BOGOTA (Reuters) – Interest rate hikes have a limited capacity to rein in accelerating inflation because supply issues are one of the key drivers of consumer price increases, Colombia’s next finance minister, Jose Antonio Ocampo, said on Thursday.
The government of Colombia’s next president, the leftist Gustavo Petro, who takes power on Aug. 7, will look to raise subsidies for poor people, Ocampo added.
Colombia’s central bank has raised its benchmark interest rate by 575 basis points to 7.5% since the beginning of an upward cycle that started in September in a bid to control inflation. Cumulative 12-month price growth hit 9.67% in June, the highest level in two decades and more than triple the bank’s 3% target.
The market majority expects the bank board to raise the rate by 150 basis points to 9% on Friday.

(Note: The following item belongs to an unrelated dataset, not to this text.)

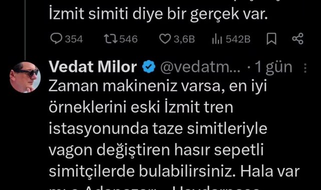 Vedat Milor, tartışmaların ardından nostaljik bir anısını da paylaştı. Milor, "En iyi örneklerini eski İzmit tren istasyonunda taze simitleriyle vagon değiştiren hasır sepetli simitçilerde bulabilirsiniz. Hâlâ var mı o Adapazarı - Haydarpaşa trenleri?" sözleriyle İzmit simidinin geçmişine vurgu yaptı.

“As the problem is with supply, not demand, supply of high fuel prices, international food prices, of fertilizers, the interest rate’s capacity to cut inflation is very low,” Ocampo said at a conference in Bogota.
Interest rate rises merely lead to expectations of lower inflation later on, Ocampo said.
“The downside is that (lower inflation) comes from an economic slowdown,” he said.
Ocampo, who as finance minister will hold one of the central bank’s seven board seats and will vote on rate movements, raised his concern about further increases.
“I don’t believe that we yet have a contractionary monetary policy in Colombia, although we will see tomorrow what the bank board determines for us, where I am more fearful,” Ocampo said.
Ocampo said he expects additional help for poor people affected by rising prices.
“In the short term all one can do is increase subsidies for poor households … that’s one of the measures to come,” he said.